YOUR INSTRUCTIONS: Starting at the line that contains "604,- per person." and stopping at the line that contains "1.2 This guide", restate each line of the records below exactly. Omit the pictures.

---------- PROVIDED RECORDS ----------

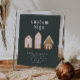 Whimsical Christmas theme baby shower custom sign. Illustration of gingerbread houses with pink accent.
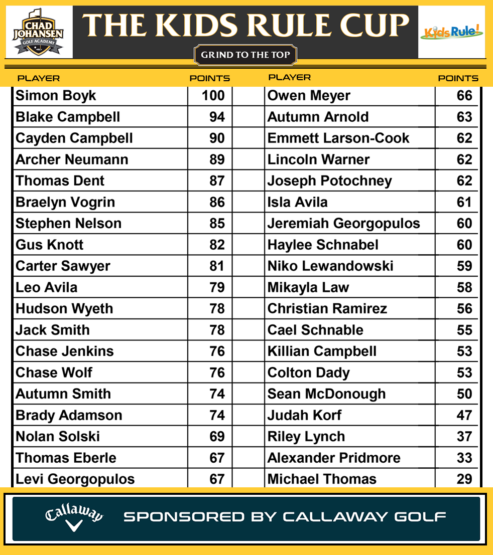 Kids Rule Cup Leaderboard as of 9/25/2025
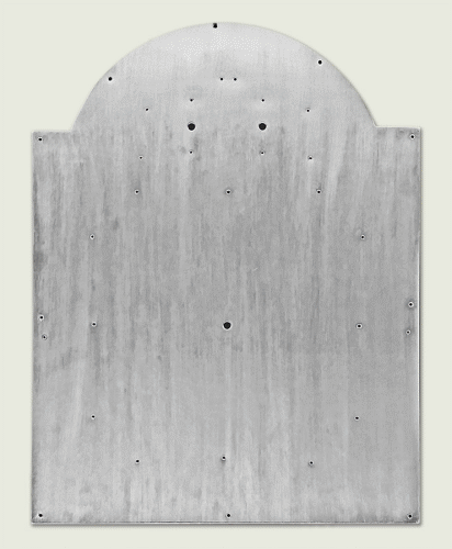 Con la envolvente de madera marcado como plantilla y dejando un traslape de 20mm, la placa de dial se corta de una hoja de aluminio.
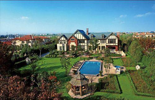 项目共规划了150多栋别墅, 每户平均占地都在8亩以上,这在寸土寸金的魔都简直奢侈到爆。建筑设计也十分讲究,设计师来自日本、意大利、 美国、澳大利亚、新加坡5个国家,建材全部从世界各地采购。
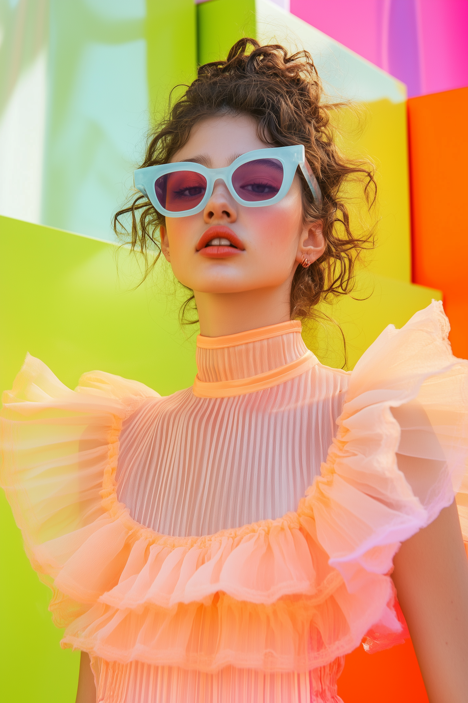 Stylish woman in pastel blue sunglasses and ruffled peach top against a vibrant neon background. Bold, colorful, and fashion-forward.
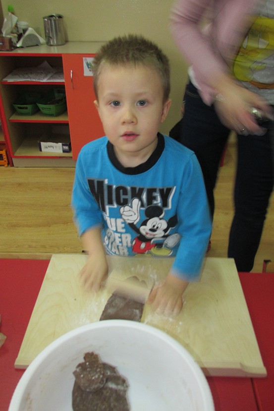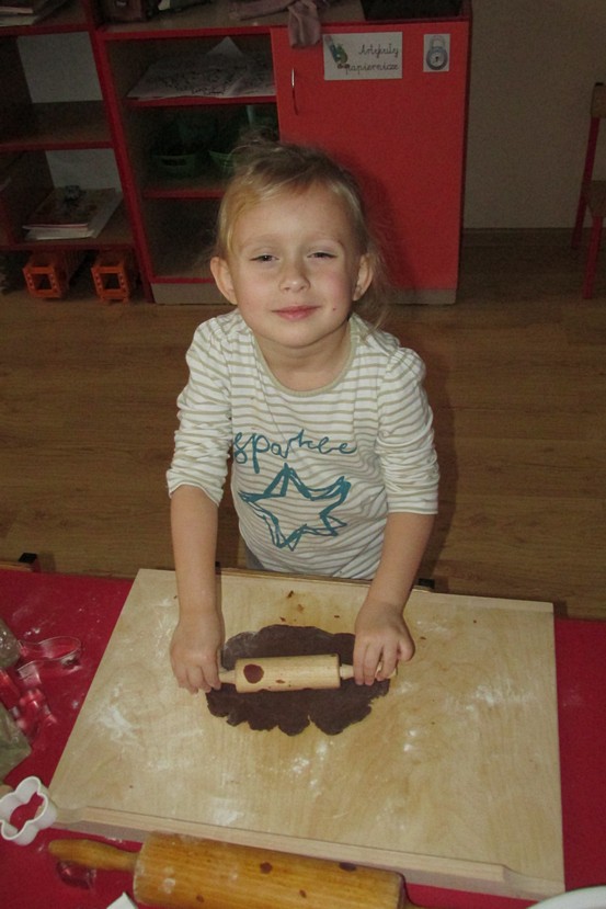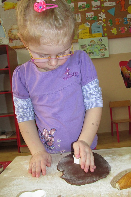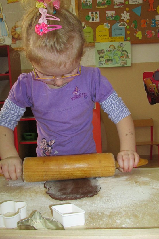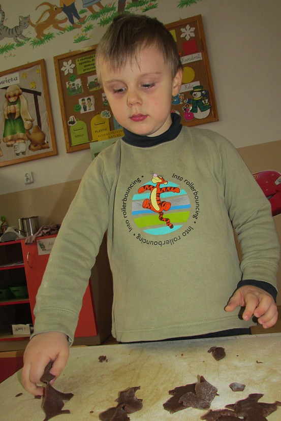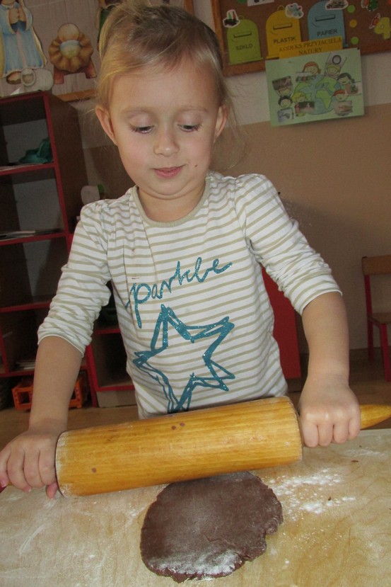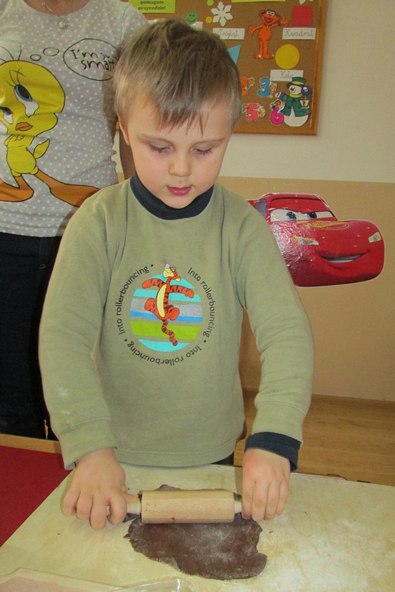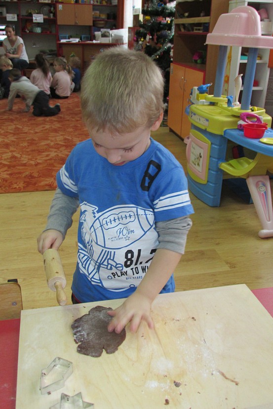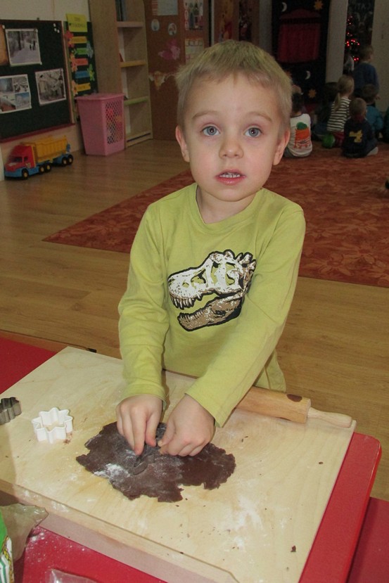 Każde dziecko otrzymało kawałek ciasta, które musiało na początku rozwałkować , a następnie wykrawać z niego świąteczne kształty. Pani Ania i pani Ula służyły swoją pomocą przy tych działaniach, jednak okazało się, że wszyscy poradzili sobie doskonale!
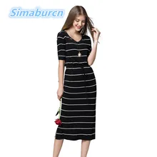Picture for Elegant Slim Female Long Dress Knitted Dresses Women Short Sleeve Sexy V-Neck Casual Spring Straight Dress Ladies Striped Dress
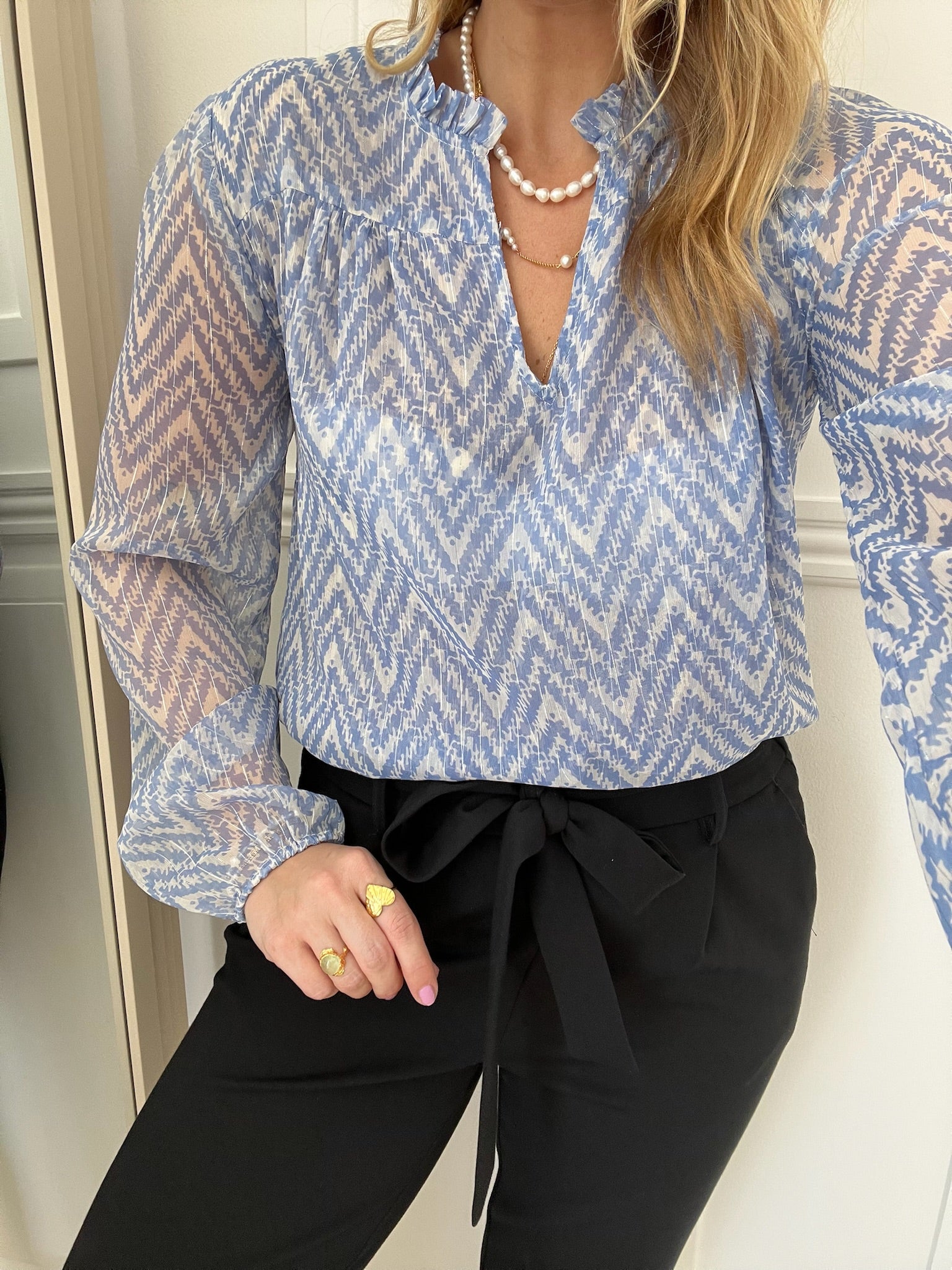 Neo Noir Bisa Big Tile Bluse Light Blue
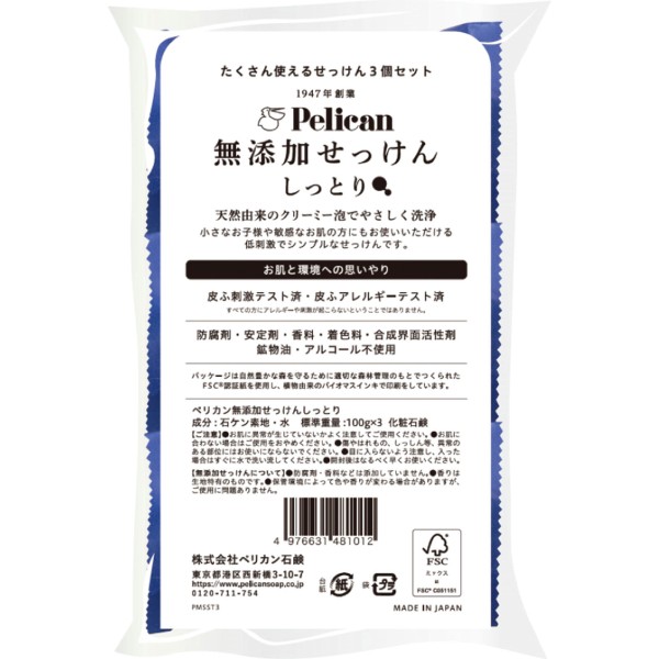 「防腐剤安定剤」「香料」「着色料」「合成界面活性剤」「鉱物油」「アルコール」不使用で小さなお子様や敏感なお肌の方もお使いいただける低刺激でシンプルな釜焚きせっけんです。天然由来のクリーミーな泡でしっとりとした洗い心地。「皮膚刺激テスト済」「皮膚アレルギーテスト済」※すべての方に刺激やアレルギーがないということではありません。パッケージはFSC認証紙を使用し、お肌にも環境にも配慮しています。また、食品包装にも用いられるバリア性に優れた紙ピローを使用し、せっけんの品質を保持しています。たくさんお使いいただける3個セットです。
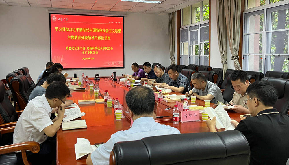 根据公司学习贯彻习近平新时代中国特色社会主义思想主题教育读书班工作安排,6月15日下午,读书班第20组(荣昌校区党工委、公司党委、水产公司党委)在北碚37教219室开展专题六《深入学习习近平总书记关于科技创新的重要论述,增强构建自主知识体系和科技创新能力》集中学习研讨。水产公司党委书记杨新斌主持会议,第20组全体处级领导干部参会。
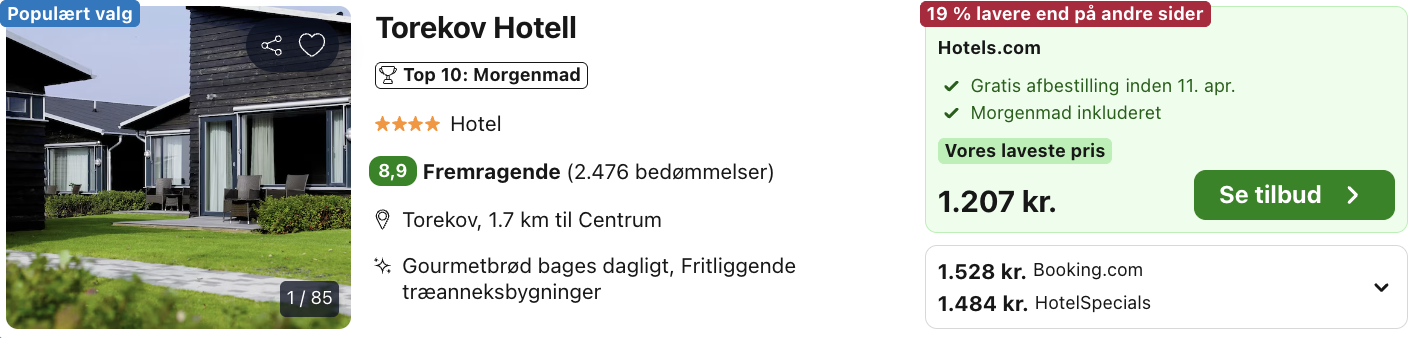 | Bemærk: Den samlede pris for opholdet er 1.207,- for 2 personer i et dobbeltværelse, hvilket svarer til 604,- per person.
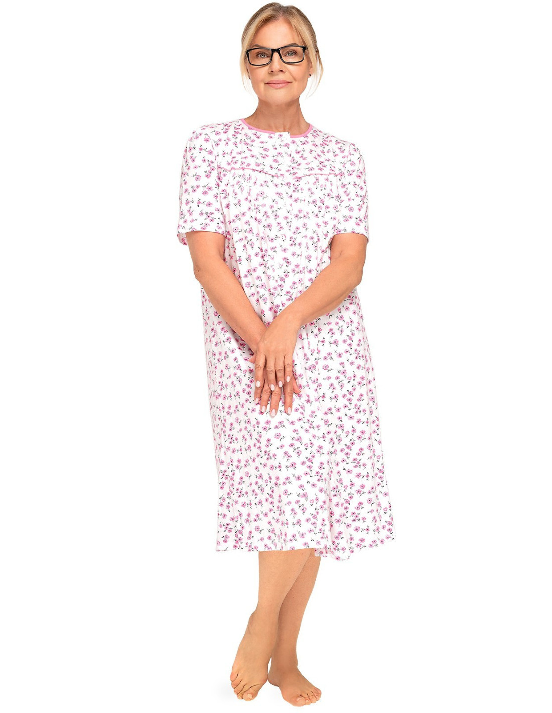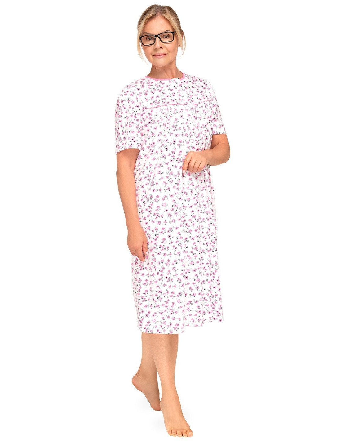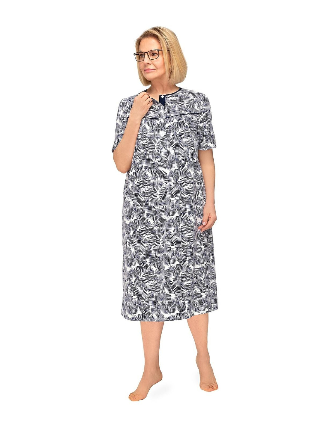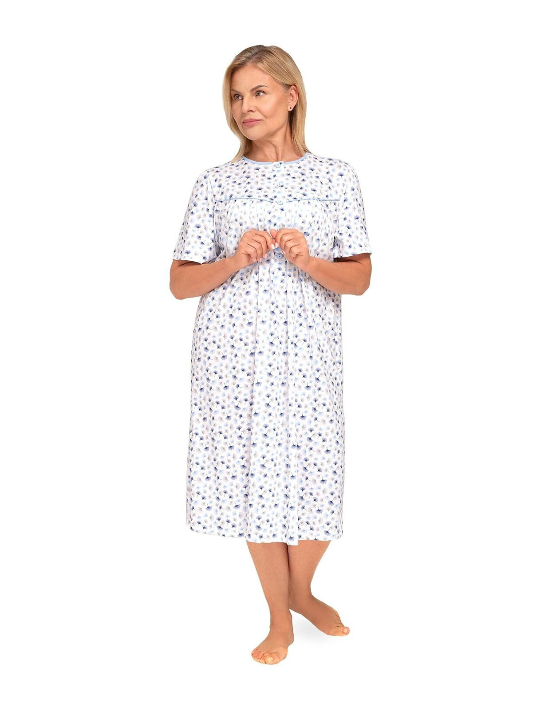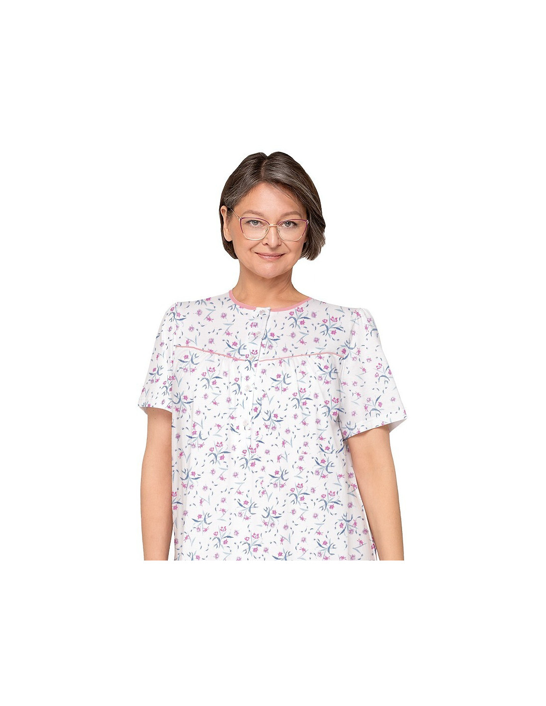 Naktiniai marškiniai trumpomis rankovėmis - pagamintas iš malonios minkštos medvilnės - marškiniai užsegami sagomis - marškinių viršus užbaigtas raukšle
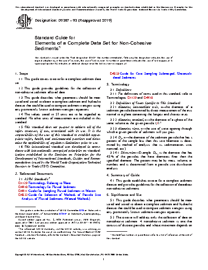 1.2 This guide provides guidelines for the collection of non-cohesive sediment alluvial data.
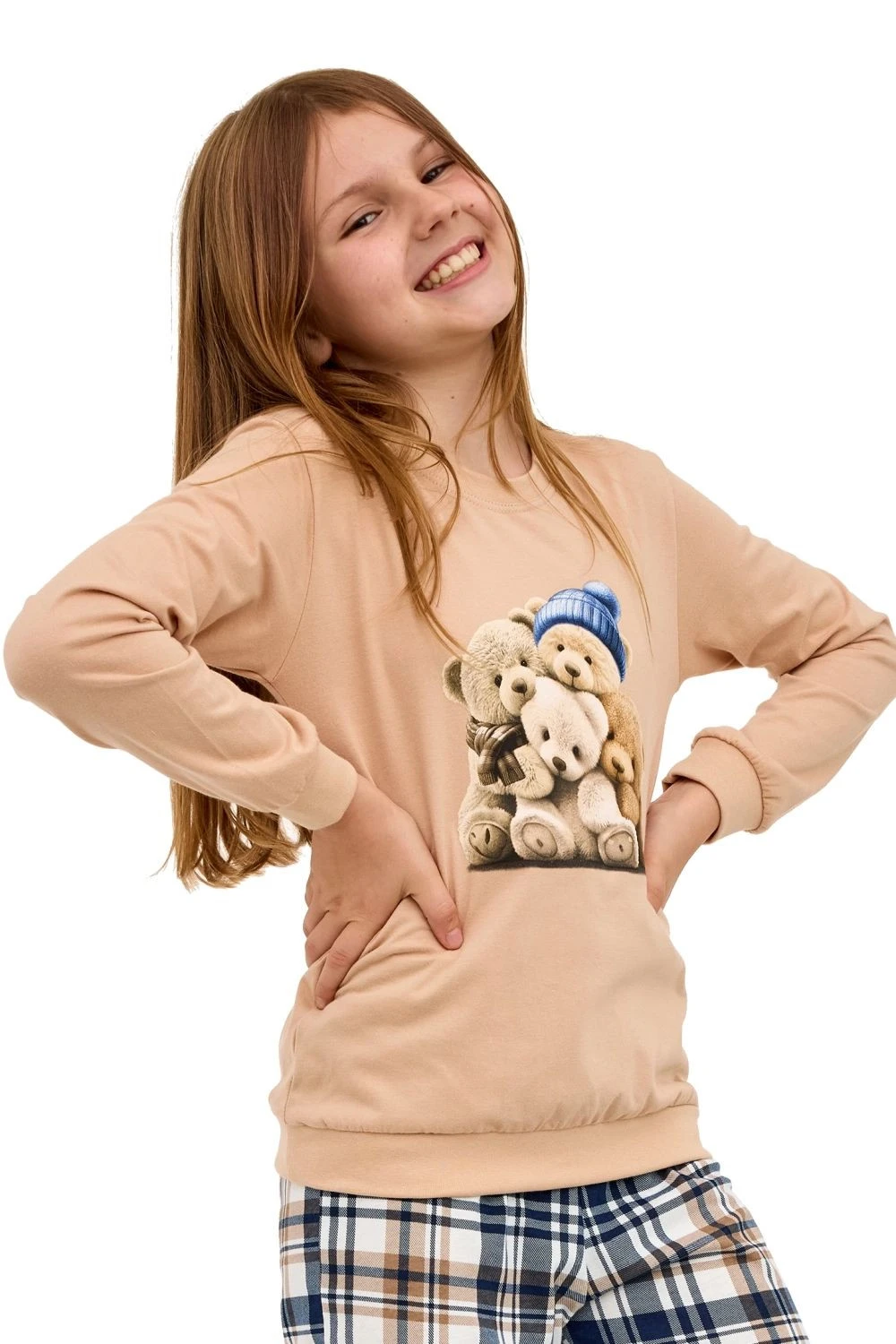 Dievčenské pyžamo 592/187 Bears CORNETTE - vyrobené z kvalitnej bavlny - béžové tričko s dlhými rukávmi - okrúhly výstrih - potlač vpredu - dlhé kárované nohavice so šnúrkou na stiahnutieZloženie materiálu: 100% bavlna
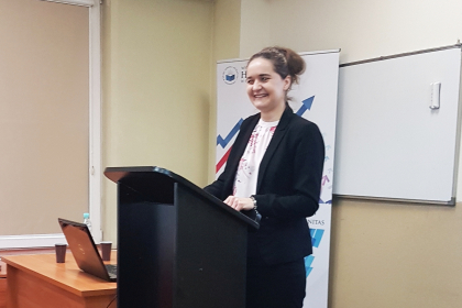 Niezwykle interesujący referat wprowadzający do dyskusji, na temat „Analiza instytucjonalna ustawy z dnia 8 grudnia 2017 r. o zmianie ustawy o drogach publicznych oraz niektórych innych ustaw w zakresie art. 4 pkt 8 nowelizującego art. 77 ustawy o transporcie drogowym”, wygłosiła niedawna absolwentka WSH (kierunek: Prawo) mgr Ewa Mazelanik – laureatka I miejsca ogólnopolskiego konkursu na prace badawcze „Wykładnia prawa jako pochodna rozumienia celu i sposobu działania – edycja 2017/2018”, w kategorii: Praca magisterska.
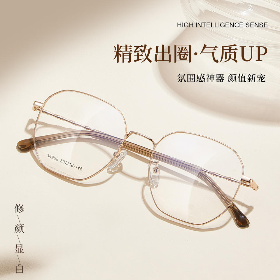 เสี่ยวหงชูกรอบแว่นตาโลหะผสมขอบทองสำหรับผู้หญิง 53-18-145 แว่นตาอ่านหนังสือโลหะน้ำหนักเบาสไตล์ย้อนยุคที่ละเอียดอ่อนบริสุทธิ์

----------

EXERCISE RESPONSE:
 | Bemærk: Den samlede pris for opholdet er 1.207,- for 2 personer i et dobbeltværelse, hvilket svarer til 604,- per person.
 Naktiniai marškiniai trumpomis rankovėmis - pagamintas iš malonios minkštos medvilnės - marškiniai užsegami sagomis - marškinių viršus užbaigtas raukšle
 1.2 This guide provides guidelines for the collection of non-cohesive sediment alluvial data.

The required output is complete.